● Records provided:

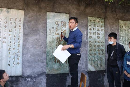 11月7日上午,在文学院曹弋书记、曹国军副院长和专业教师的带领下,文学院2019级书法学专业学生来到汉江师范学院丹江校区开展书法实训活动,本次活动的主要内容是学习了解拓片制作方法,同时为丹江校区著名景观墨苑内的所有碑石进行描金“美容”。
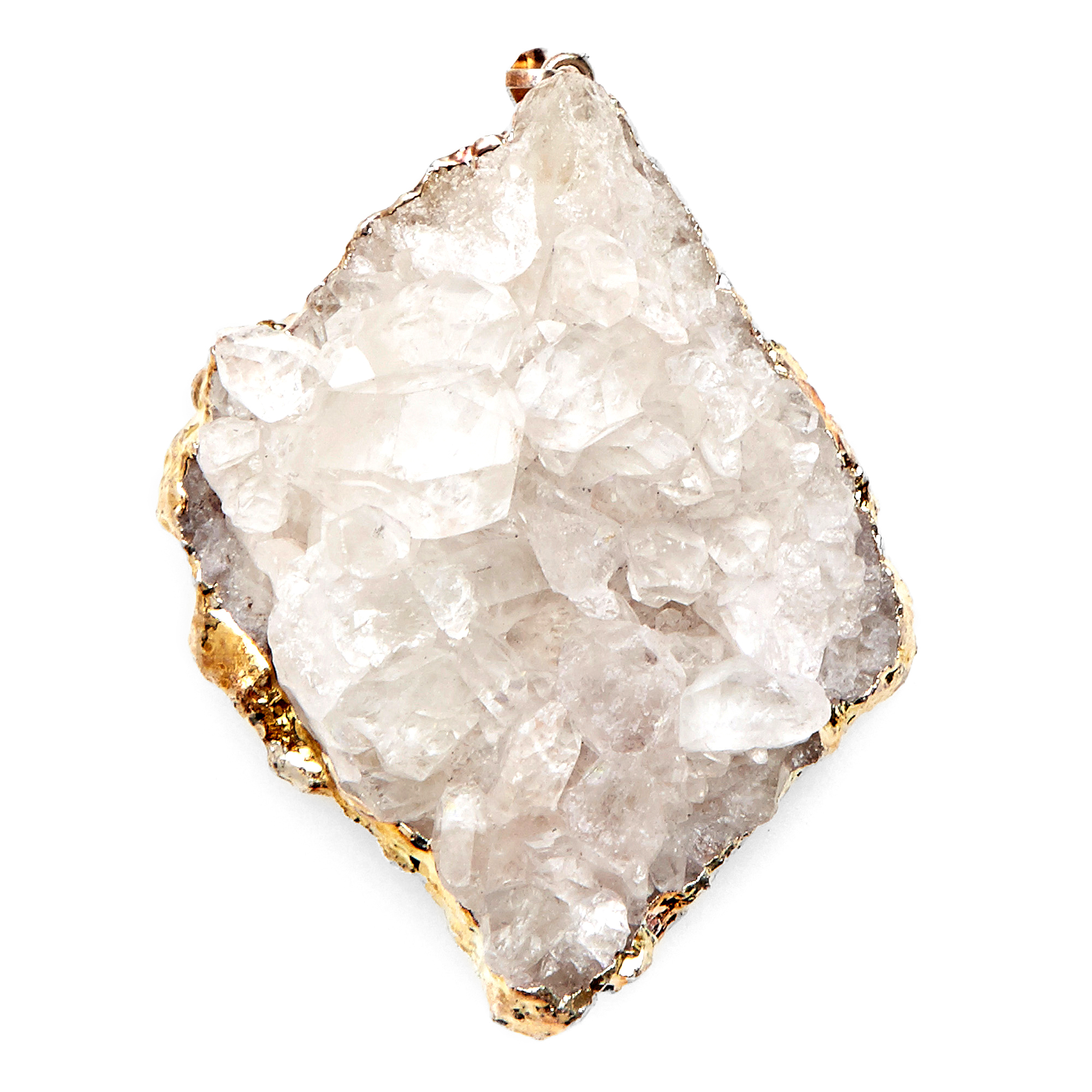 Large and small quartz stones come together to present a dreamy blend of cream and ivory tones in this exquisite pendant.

---

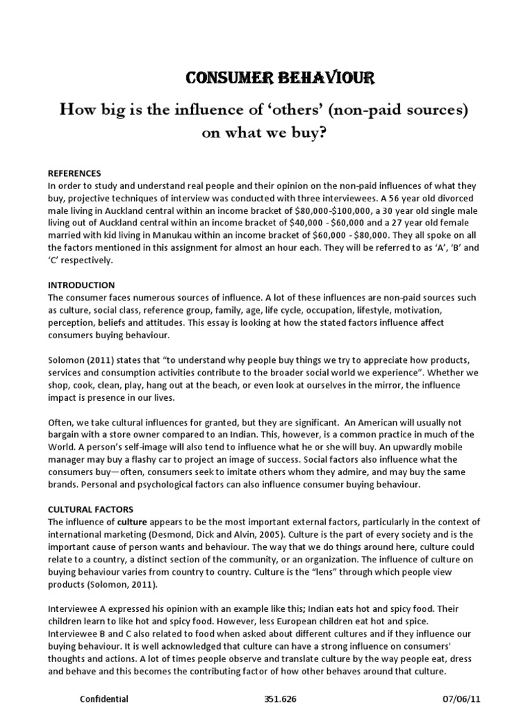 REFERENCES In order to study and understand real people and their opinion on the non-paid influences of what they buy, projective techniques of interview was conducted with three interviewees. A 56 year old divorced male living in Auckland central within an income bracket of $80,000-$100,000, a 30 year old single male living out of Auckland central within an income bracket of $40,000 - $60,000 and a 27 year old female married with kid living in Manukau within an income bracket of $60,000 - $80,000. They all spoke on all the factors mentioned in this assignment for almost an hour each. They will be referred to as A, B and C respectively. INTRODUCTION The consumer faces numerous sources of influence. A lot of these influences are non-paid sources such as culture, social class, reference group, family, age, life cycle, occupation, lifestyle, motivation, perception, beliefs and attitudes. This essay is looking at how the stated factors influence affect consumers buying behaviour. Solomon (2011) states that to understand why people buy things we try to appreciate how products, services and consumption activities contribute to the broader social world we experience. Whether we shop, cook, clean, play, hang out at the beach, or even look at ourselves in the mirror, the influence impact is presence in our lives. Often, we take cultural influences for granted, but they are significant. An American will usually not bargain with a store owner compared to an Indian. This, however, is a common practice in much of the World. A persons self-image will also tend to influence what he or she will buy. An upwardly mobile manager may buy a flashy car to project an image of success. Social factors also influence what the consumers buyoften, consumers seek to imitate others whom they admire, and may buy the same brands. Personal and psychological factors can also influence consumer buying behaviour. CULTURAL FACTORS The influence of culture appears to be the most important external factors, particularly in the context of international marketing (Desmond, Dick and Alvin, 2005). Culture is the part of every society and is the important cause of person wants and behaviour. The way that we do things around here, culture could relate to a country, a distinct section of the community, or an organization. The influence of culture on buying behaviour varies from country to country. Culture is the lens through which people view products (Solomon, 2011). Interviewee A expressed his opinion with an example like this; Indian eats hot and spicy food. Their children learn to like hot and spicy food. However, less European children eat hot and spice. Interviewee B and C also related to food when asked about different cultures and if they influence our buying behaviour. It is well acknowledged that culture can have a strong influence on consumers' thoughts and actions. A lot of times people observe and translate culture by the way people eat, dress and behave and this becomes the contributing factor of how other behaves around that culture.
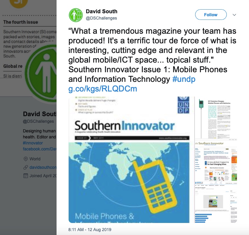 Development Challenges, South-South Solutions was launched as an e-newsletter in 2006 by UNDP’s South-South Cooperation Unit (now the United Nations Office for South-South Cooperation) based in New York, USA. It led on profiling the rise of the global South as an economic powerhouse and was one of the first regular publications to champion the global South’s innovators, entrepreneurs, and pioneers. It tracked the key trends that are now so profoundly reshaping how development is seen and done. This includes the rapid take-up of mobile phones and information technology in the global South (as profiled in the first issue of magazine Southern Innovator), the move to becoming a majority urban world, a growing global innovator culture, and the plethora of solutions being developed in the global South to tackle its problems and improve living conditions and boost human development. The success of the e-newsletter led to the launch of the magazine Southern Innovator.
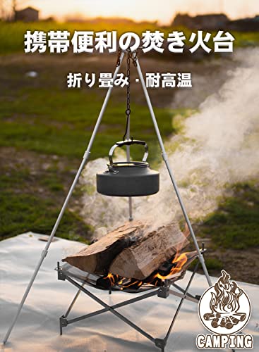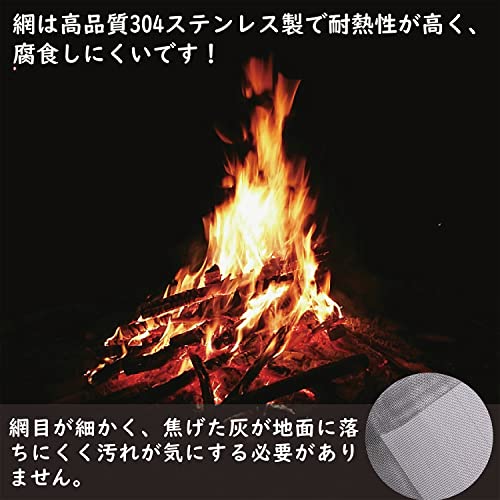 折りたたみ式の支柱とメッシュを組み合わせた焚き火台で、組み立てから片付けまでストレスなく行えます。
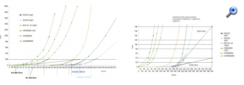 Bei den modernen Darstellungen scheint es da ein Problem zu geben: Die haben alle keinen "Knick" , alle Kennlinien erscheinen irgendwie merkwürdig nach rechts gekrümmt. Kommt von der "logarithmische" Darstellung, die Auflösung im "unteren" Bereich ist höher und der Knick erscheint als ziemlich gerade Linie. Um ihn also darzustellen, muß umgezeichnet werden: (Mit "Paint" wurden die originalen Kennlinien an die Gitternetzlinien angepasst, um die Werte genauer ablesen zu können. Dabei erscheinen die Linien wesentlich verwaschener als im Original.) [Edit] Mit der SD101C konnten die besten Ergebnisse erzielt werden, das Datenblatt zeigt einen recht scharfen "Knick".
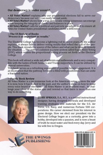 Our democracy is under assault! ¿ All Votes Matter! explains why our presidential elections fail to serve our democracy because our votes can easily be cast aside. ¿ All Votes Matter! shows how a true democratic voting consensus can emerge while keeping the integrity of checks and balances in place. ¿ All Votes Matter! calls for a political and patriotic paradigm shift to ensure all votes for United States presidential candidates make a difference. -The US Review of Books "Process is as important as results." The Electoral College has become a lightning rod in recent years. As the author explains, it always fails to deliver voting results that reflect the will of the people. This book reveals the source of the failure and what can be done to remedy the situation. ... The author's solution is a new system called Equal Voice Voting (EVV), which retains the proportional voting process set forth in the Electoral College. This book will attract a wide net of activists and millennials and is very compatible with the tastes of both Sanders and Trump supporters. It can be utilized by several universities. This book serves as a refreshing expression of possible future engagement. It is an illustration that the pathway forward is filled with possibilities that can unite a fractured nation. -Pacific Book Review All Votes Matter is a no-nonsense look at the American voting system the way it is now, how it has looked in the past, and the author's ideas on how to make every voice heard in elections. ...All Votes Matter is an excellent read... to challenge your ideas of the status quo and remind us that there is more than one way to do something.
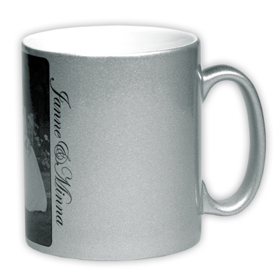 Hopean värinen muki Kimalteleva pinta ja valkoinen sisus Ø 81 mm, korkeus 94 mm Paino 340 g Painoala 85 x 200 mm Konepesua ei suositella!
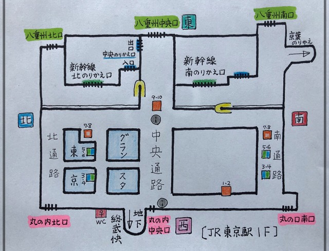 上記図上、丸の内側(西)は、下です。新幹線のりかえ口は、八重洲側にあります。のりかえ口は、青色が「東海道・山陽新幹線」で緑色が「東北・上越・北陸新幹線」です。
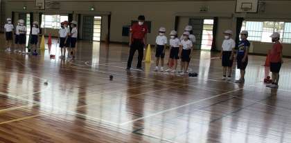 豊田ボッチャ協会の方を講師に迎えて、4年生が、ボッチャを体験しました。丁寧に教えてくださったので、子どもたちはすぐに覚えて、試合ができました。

● Your assignment:
Each line above starting at the one holding "11月7日上午,在文学院曹弋" and ending at the one holding "Large and small" should be set down exactly as it stands, both ends included, with no pictures.

● Answer space:
 11月7日上午,在文学院曹弋书记、曹国军副院长和专业教师的带领下,文学院2019级书法学专业学生来到汉江师范学院丹江校区开展书法实训活动,本次活动的主要内容是学习了解拓片制作方法,同时为丹江校区著名景观墨苑内的所有碑石进行描金“美容”。
 Large and small quartz stones come together to present a dreamy blend of cream and ivory tones in this exquisite pendant.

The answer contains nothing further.